The data presented here should be viewed in the context of our current knowledge of endothelial phenotypes in the valve and the relationship between those phenotypes and flow. Studies in this field have only recently begun. Simmons et al. (2005) demonstrated side-specific differential expression of 584 genes in explanted pig cusp tissue, representing the steady-state phenotypes of the healthy valve. Butcher et al. (2006), on the other hand, exposed pig aortic and valvular endothelial cells to steady shear stress for 48 h and observed both similarities and differences in how flow affects gene expression in these distinct cell types. Our current work shows that human umbilical vein endothelial cells exposed to the different shear waveforms of the valve display different phenotypes, suggesting that endothelial mechanotransduction may be important in defining the previously documented in vivo gene expression (Simmons et al. 2005; Davies and Helmke 2009; Mofrad and Kamm 2009). Importantly, the work of Butcher et al. shows that valvular endothelial cells respond differently to shear stress when compared to other endothelial cells. Thus, our work is limited by use of HUVEC, a primary endothelial cell culture from venous origin. However, despite this limitation our study clearly demonstrates the phenotypic plasticity of HUVEC in the context of cardiac valve-derived hemodynamic environments.

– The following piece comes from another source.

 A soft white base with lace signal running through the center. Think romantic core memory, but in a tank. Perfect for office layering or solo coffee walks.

Further studies with valvular endothelial cells are required to determine the orchestrated response of those cells to shear stress. An additional limitation of current work in the field is that all results have been obtained from non-pathologic valves. While the phenotypes of the healthy valve can suggest susceptibility to disease, gene expression during transition to pathologic states has not yet been studied.

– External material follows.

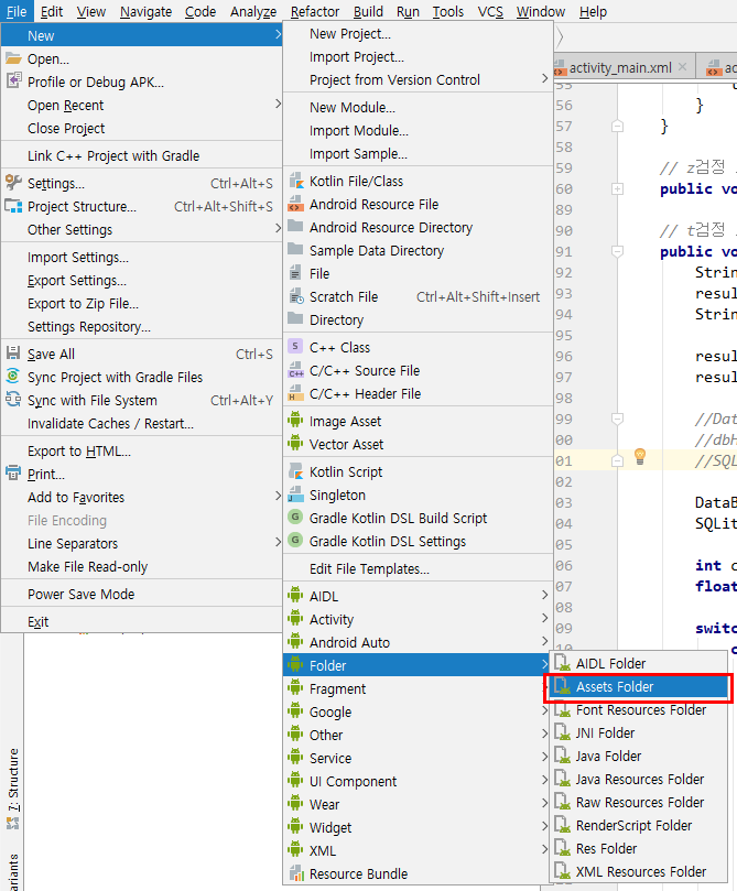 1. asstes 폴더를 생성해 놓는다. 앱설치시 자동 따라온다. 이안에 db파일을 넣어둔다.

This work constitutes evidence supporting the hypothesis that hemodynamic forces may act as important determinants of the different endothelial phenotypes observed on the two sides of the aortic valve cusp. This difference in phenotype may subsequently drive the side-specific nature of lesion formation in CAS. Further efforts to recognize the specific molecular determinants of the process in the valve may ultimately enhance understanding of the disease and design of therapies for CAS.